Kepolisian Sektor (Polsek) Tombulu mengamankan seorang pria berinisial EK (43), warga Desa Kembes Satu, Kecamatan Tombulu, yang melakukan aksi penyerangan dengan senjata tajam pada Sabtu (15/2/2025) sekitar pukul 12.00 WITA. Akibat aksi brutal tersebut, empat warga mengalami luka-luka akibat sabetan parang dan tusukan pisau dapur.
Identitas Korban
1. YK (70), petani, mengalami luka robek di tangan kanan dan kepala.
2. MR (15), pelajar, mengalami luka robek di tangan kanan dan perut.
3. JP (18), tidak bekerja, mengalami luka robek di tangan kiri.
4. ST (51), tidak bekerja, mengalami luka sobek di tangan kanan, pundak kanan, dan perut.
Menurut keterangan saksi dan korban, insiden ini bermula saat YK sedang berjalan kaki di belakang Gereja Katolik Desa Kembes Satu Jaga II. Ketika berpapasan dengan EK yang membawa parang dan pisau dapur, YK berusaha menghindar, namun pelaku justru mengejar dan menyerangnya, menyebabkan luka bacok di tangan kanan dan alis kanan korban.

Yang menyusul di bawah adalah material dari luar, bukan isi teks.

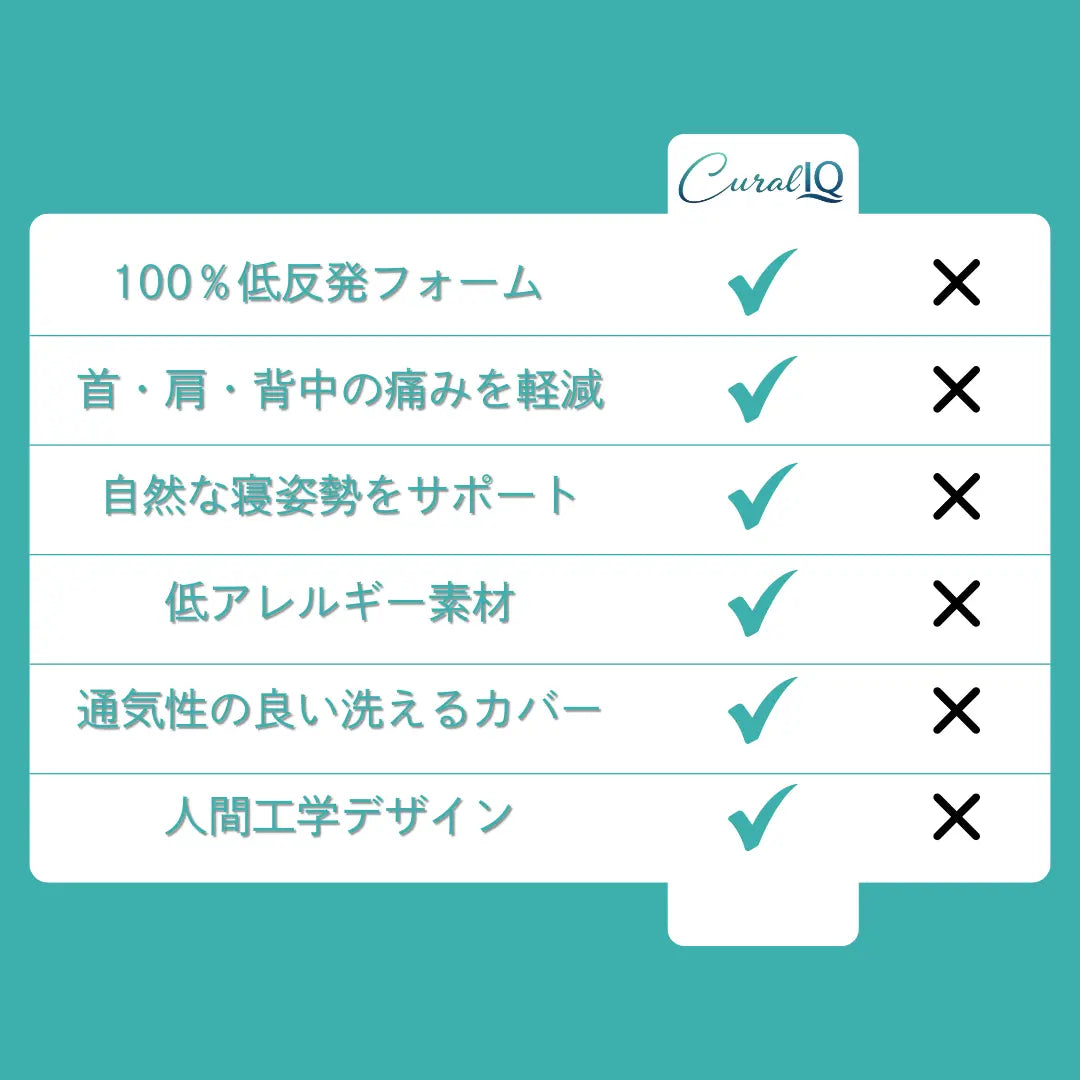 そんな悩みに寄り添うのが、Curaliqの低反発まくら。首・肩のラインにしっかりフィットする特殊設計で、正しい寝姿勢を自然にキープ。夜中に起きる回数も減り、朝の目覚めが驚くほど軽くなったという声が続々届いています。

Tak lama berselang, MR yang melintas dengan sepeda motor di sekitar SMA 1 Tombulu juga diserang oleh pelaku hingga mengalami luka di tangan kanan dan perut. Pelaku kemudian melarikan diri ke pemukiman warga dan kembali menyerang JP serta ST sebelum akhirnya diamankan oleh pihak kepolisian.
Mendapat laporan dari masyarakat, dua personel piket Polsek Tombulu segera mendatangi lokasi dan menemukan pelaku masih memegang senjata tajam. Ketika aparat mencoba melakukan pendekatan secara persuasif, pelaku justru berusaha menyerang petugas. Dalam upayanya melarikan diri, EK kembali melukai ST dengan sabetan parang dan tusukan pisau.
Aparat keamanan bertindak cepat dengan meringkus pelaku serta menyita senjata tajam yang digunakannya. Pelaku kemudian dibawa ke Mapolsek Tombulu untuk pemeriksaan lebih lanjut. Pada pukul 13.30 WITA, Tim Resmob Polresta Manado tiba di lokasi dan membawa pelaku ke Polresta Manado guna penyelidikan lebih dalam.
Tindakan EK berpotensi melanggar beberapa pasal dalam Kitab Undang-Undang Hukum Pidana (KUHP), di antaranya:
Pasal 351 KUHP tentang penganiayaan, dengan ancaman hukuman maksimal 5 tahun penjara jika mengakibatkan luka berat.
Pasal 170 KUHP tentang pengeroyokan atau kekerasan terhadap orang di muka umum, dengan ancaman hukuman maksimal 7 tahun jika mengakibatkan luka berat.
Pasal 2 Ayat (1) UU Darurat No. 12 Tahun 1951 tentang kepemilikan senjata tajam tanpa izin, dengan ancaman hukuman maksimal 10 tahun penjara.
Kapolsek Tombulu, Iptu Nicky Winerungan, mengimbau masyarakat agar tetap waspada dan segera melaporkan kejadian mencurigakan kepada pihak berwenang guna menjaga keamanan dan ketertiban di wilayah tersebut.
Polisi masih menyelidiki motif pelaku serta memastikan kondisi para korban yang saat ini menjalani perawatan medis.